De-evolving the bird beak

by Mary Caperton Morton
Friday, August 21, 2015

An illustration highlighting the premaxillary and palatine bones in the nonavian dinosaur Anchiornis (rear) and a modern tinamou, which belongs to one of the most ancient living orders of birds. Credit: John Conway.

The transition from dinosaurs with snouts to birds with beaks was a pivotal change in the evolution of dinosaurs into birds during the Late Mesozoic. Now, biologists have partially reversed this process by transforming chicken embryos into specimens with snout and palate configurations similar to those of small dinosaurs like Velociraptor and Archaeopteryx.

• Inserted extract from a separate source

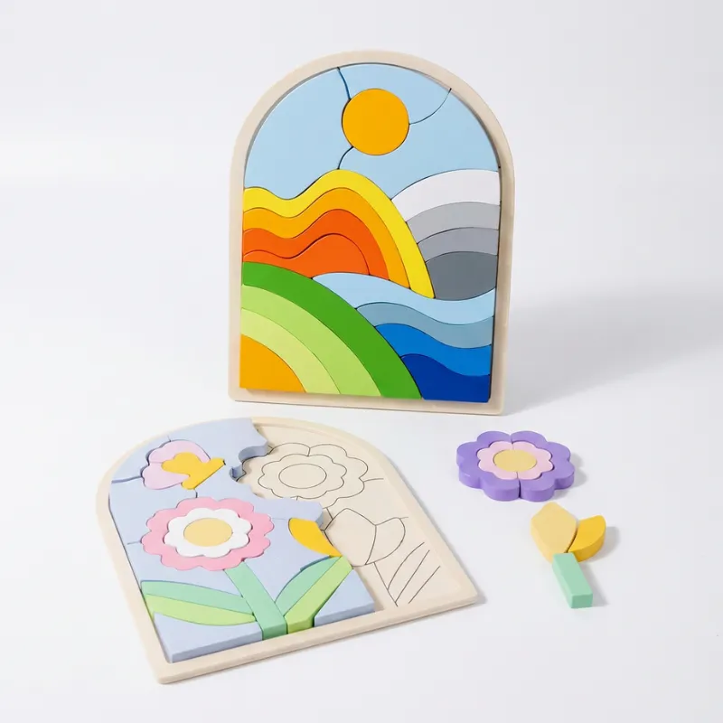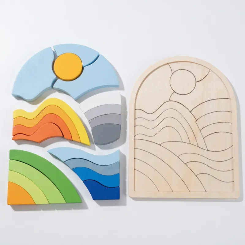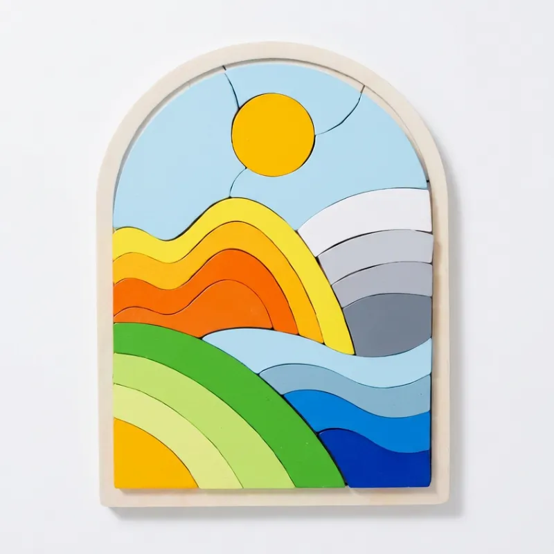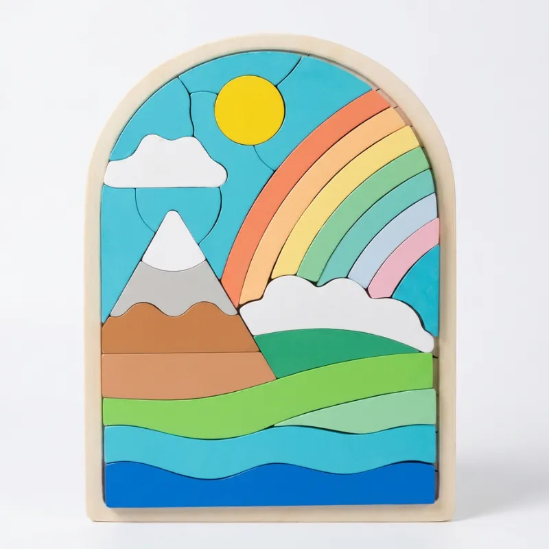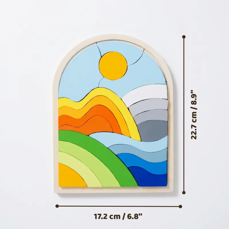 Stimola l'immaginazione con ogni vivace pezzo di legno. Le capacità di problem solving sbocciano mentre il tuo bambino esplora il puzzle. Le mani restano impegnate a scoprire forme uniche e splendidi motivi. Imparare diventa gioioso e senza stress per tutta la famiglia.

“Our goal here was to understand the molecular underpinnings of an important evolutionary transition, not to create a ‘dino-chicken' simply for the sake of it,” said Bhart-Anjan Bhullar, a biologist at Yale University and lead author of a new study in the journal Evolution, in a statement. “The beak is a crucial part of the avian feeding apparatus, and is the component of the avian skeleton that has perhaps diversified most extensively and most radically — consider flamingos, parrots, hawks, pelicans and hummingbirds, among others,” Bhullar said. “Yet little work has been done on what exactly a beak is, anatomically, and how it got that way either evolutionarily or developmentally.”

In the new study, Bhullar and Arhat Abzhanov of Harvard University detail a new method for locating the molecular mechanism underpinning the skeletal changes of the beak. First, they compared the anatomy of related fossils and living animals to better understand the transition from snout to beak. Then, they searched the avian genome for possible shifts in gene expression that may have triggered the transition.

Bhullar said the same approach could be used to investigate the developmental mechanisms of many other major evolutionary transformations, such as the adaptations of dinosaur forelimbs for flight or the transition of marine mammal fins to legs.